At the time, smaller households amplified housing demand, especially in the rental space, according to Lawless.

While he said the trend had been slow to reverse, the RBA is now showing households have once again become larger, with the average household size rebuilding. In turn, this will ease the amount of households requiring rentals.

  1. Net overseas migration has peaked

Overseas migration was at a record high in the March quarter of 2023, when 165,000 people came into the country. This dropped to just 107,000 over the last quarter of the year.

With overseas arrivals data showing an ongoing slowdown in foreign student arrivals, Lawless expects even further slowdown in migration figures.

“With approximately 90 per cent of net migration to Australia arriving on temporary visas, the flow through to rental demand is direct and immediate. Less migration helps to explain a further reduction in rental demand,” he said.

  1. Uptake of HomeBuilder

Lawless also expects new dwelling completions will take some of the heat out of the rental market.

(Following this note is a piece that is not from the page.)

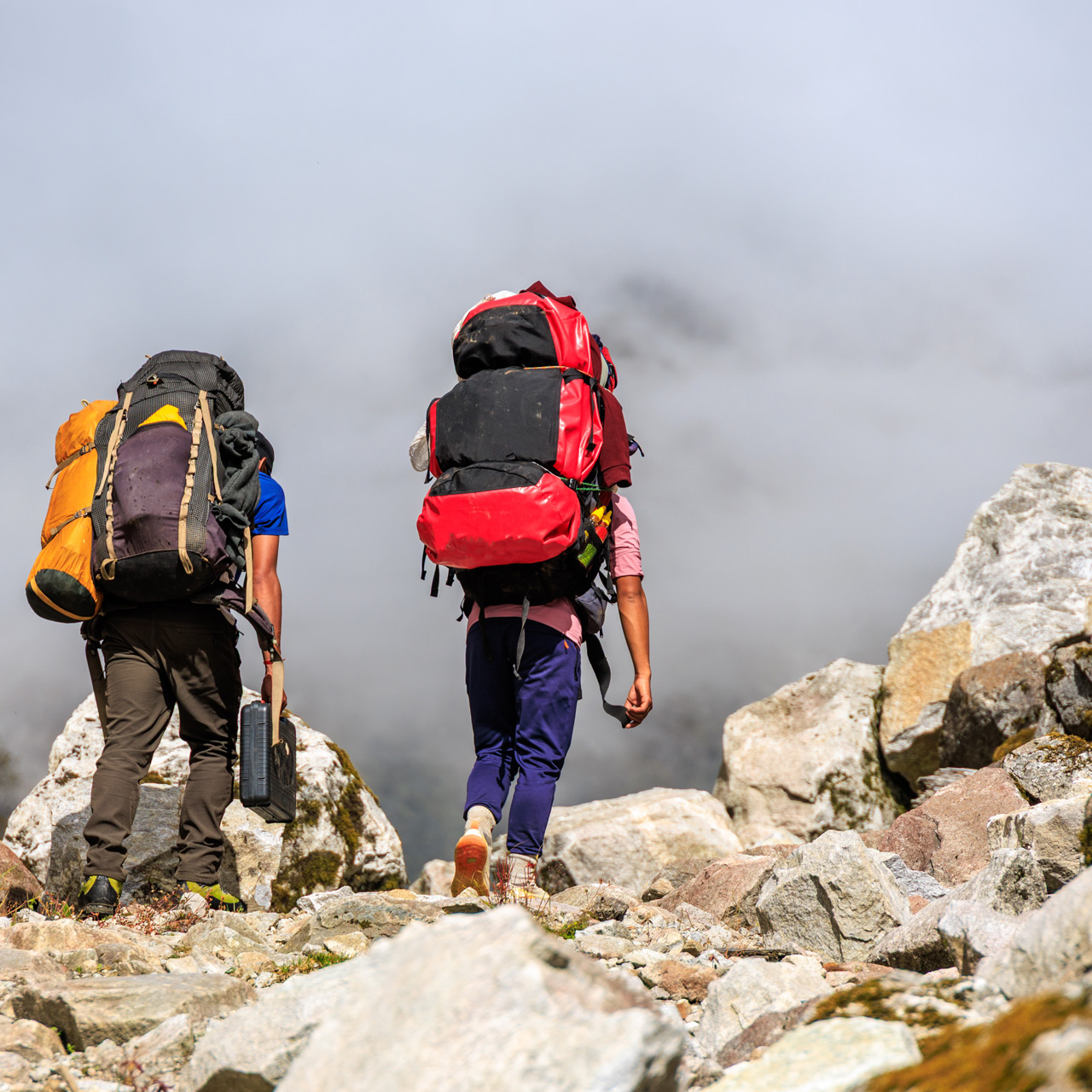 Tagesrucksack (10–15 kg werden von Maultieren getragen)

“Materials shortages, capacity constraints and cost blowouts have seen a significant lag in delivering this stock through to completion and have likely resulted in a prolonged period of renting for many of those waiting for their new home to be completed,” he shared.

“As more new builds settle, we should see a gradual diminishment in rental demand associated with building delays.”

  1. Investor activity on the up

The volume of lending to investors is up over 10 per cent over the year to June, with the value of lending jumping by 30.2 per cent.

As noted by Lawless, investors play a key role in delivering rental supply to market, which could aid in dampening supply-side pressures.